当前位置:网站首页>Introduction to standardization, regularization and normalization
Introduction to standardization, regularization and normalization
2022-04-23 20:31:00 【zjt597778912】
1. Standardization
Standardized formula :z-score
X = ( X − m e a n ) s t d X = \frac {(X-mean)} {std} X=std(X−mean)
The calculation is correct Each attribute ( Each column ) separately .
For each column Every number All minus The mean value of the column , And divide by Standard deviation of this column .
The result is 0 Nearby and the variance is 1 .

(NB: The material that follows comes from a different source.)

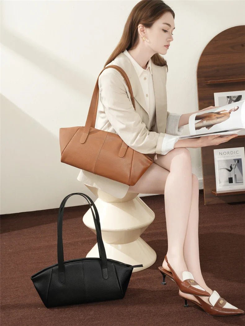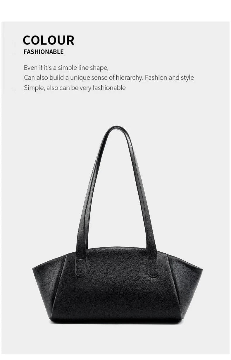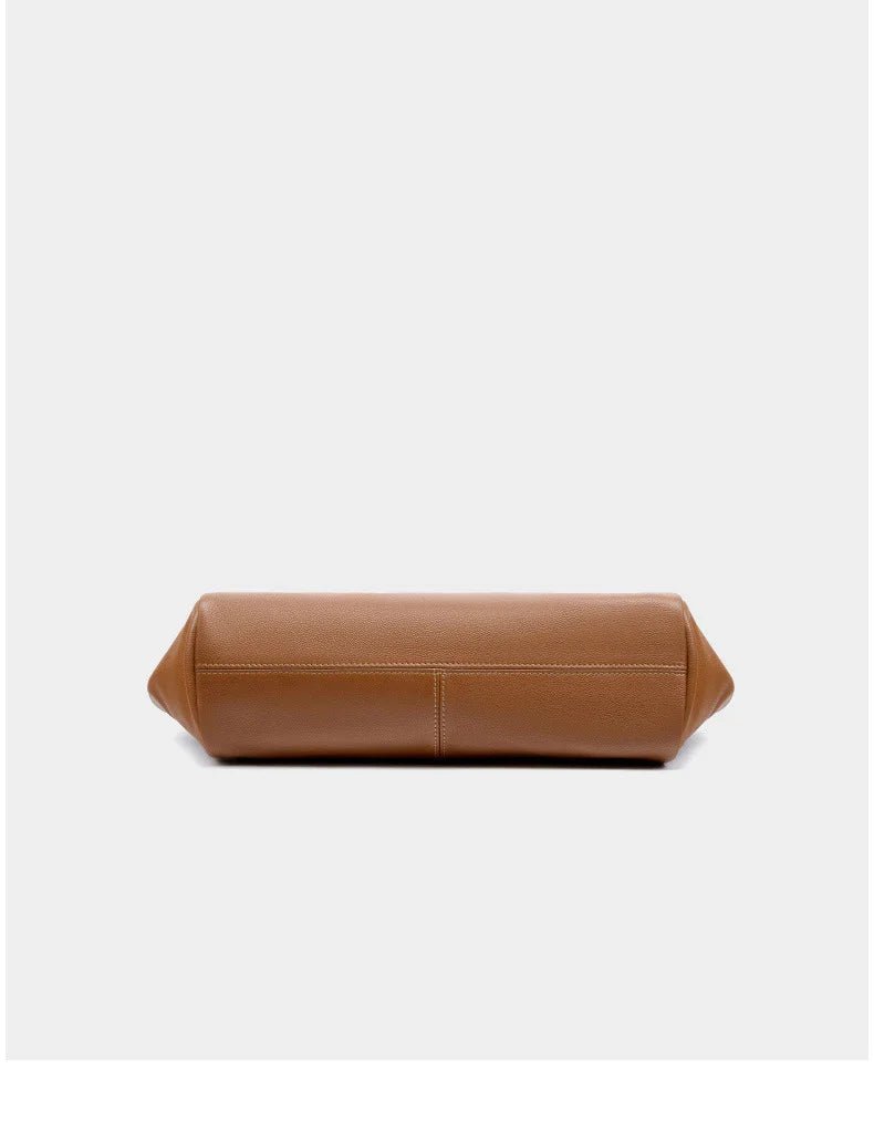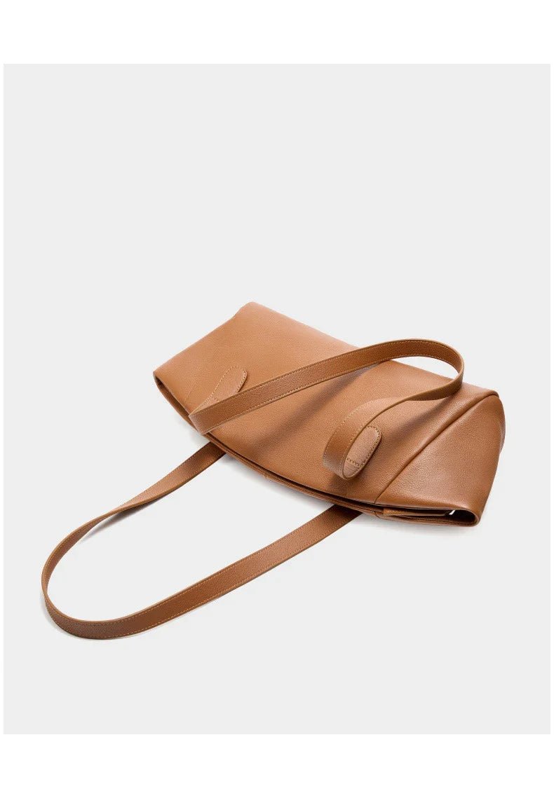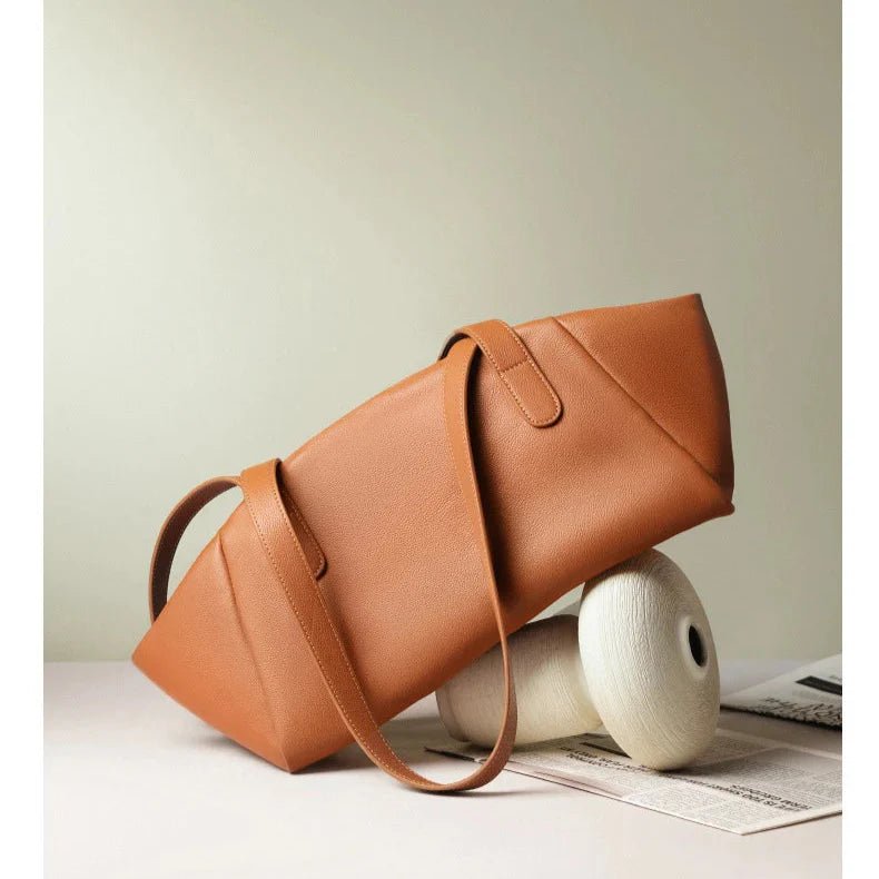 We present the sophisticated trapezoidal genuine leather bag, a masterpiece of design and functionality. Created for the modern woman who values style and practicality, this piece is a testimony of the impeccable handicraft

Method realization sklearn.preprocessing.scale()
from sklearn import preprocessing
import numpy as np
X = np.linspace(1,9,9).reshape((3,3))
'''
X = [[1. 2. 3.]
[4. 5. 6.]
[7. 8. 9.]]
'''
X = preprocessing.scale(X)
'''
X= [[-1.22474487 -1.22474487 -1.22474487]
[ 0. 0. 0. ]
[ 1.22474487 1.22474487 1.22474487]]
'''
calculate
The standard deviation formula is : Each number in this column is summed by subtracting the square of the average , Divide by the number of numbers and square it s t d = ∑ ( x i − m e a n ) 2 n std = \sqrt {\frac{\sum(x_i-mean)^2} n} std=n∑(xi−mean)2
The mean value of the first column is ( 1 + 4 + 7 ) 3 = 4 \frac {(1+4+7)} 3=4 3(1+4+7)=4
The standard deviation of the first number in the first column is ( 1 − 4 ) 2 + ( 4 − 4 ) 2 + ( 7 − 4 ) 2 3 = 6 \sqrt \frac { {(1-4)^2+(4-4)^2+(7-4)^2}} 3 =\sqrt {6} 3(1−4)2+(4−4)2+(7−4)2=6
The first number in the first column is 1 − 4 6 = − 1.22474487 \frac {1-4} {\sqrt {6}}=-1.22474487 61−4=−1.22474487
Method realization sklearn.preprocessing.StandardScaler()

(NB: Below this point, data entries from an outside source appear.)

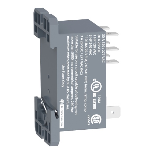 Schneider RPF2BB7 2 C/O Power Flat Silver tin oxide Without lockable test button DIN rail, Panel 24 V AC 250 V IEC 25 A -40-131 °F (-40-55 °C relays side by side without a gap, 30 A -40-131 °F (-40-55 °C 13 mm gap between two relays 30 A 277 V AC NO UL, 20 A 28 V DC NO UL, 30 A 2 (MUST BUY IN PACKS OF 10)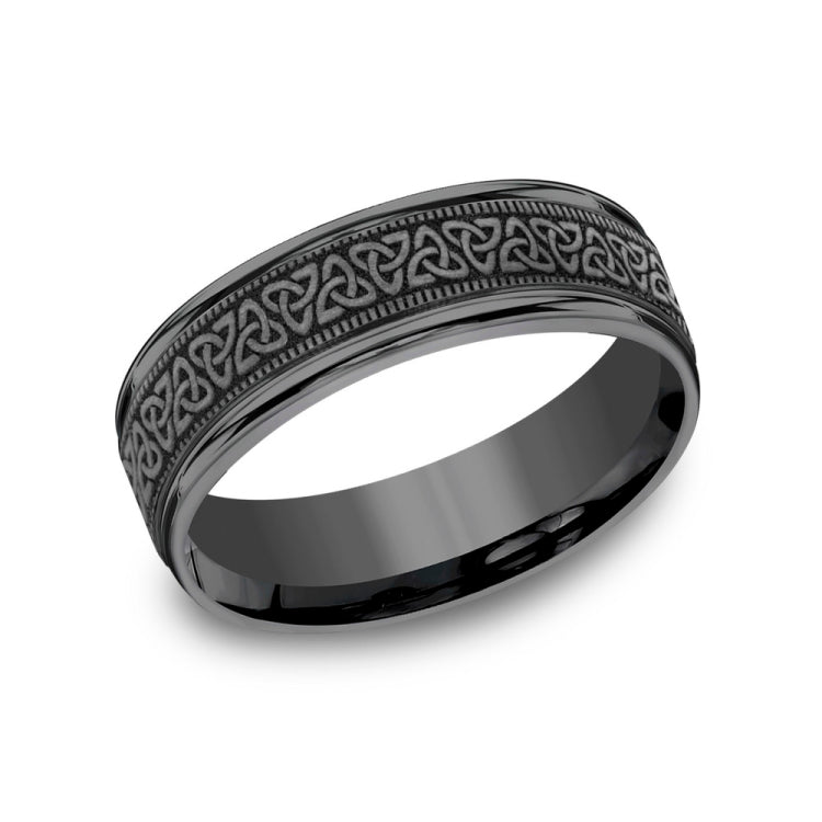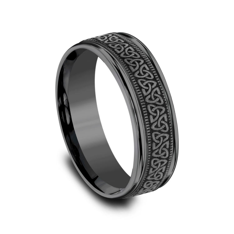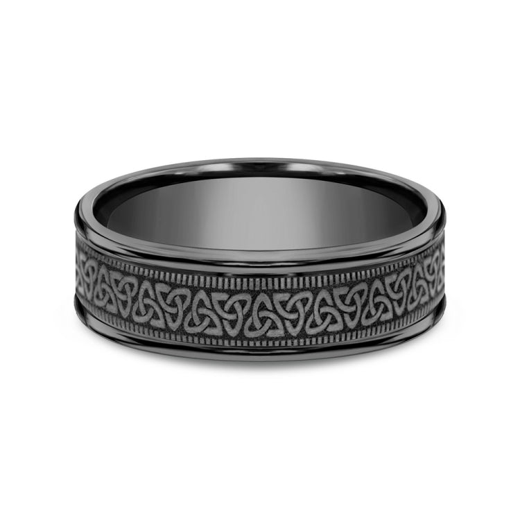 Celtic knot pattern, milgrain detailing, polished round edges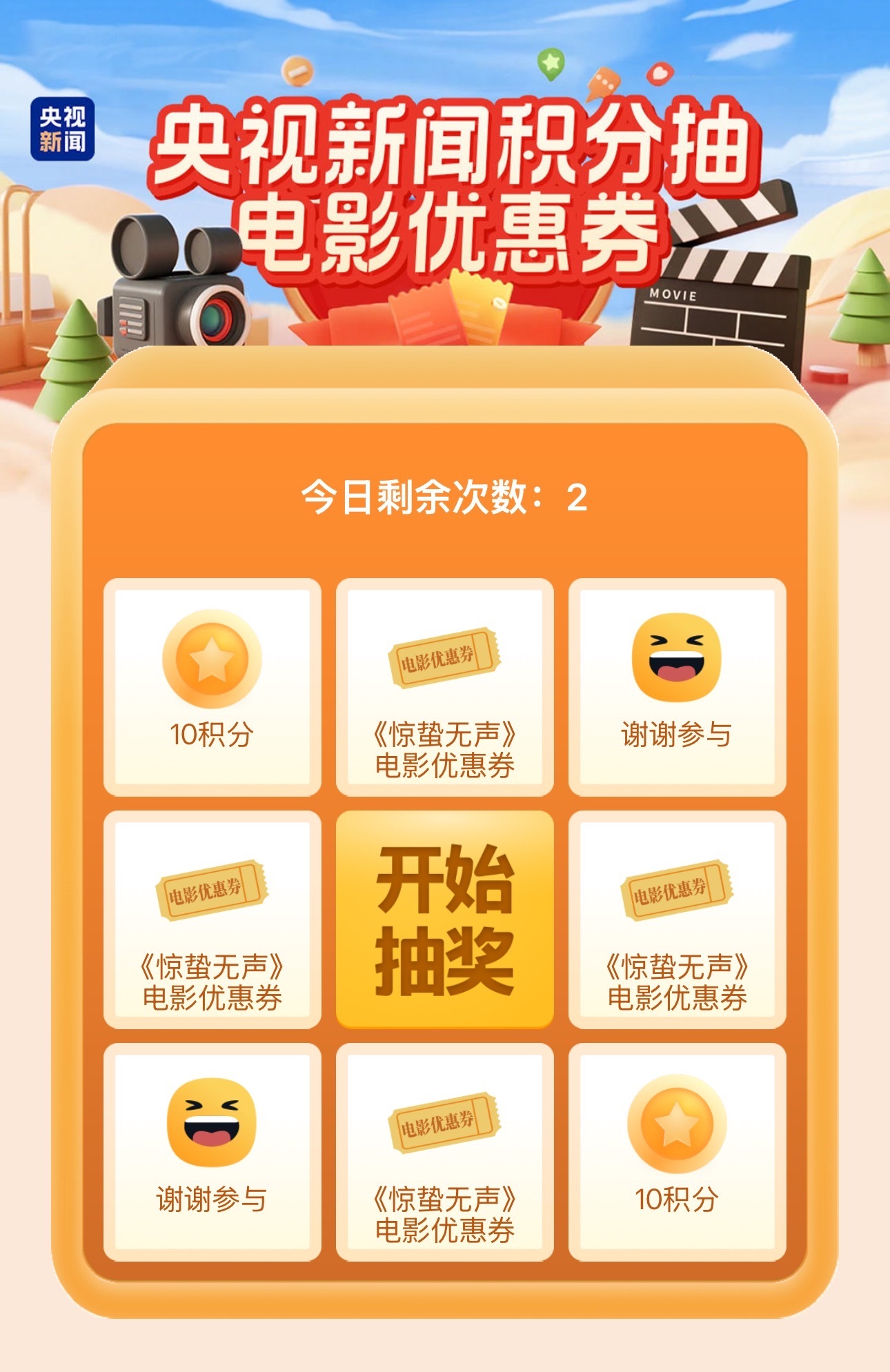 央视新闻送电影票优惠券啦

sklearn The encapsulated algorithms in the must be used before use fit, For the subsequent API service
from sklearn import preprocessing
import numpy as np
X = np.linspace(1,9,9).reshape((3,3))
'''
X = [[1. 2. 3.]
[4. 5. 6.]
[7. 8. 9.]]
'''
scaler = preprocessing.StandardScaler().fit(X)
scaler.transform(X)
'''
X= [[-1.22474487 -1.22474487 -1.22474487]
[ 0. 0. 0. ]
[ 1.22474487 1.22474487 1.22474487]]
'''
fit() Simply speaking , Is to get the training set X The average of , variance , Maximum , minimum value , These training sets X Inherent properties .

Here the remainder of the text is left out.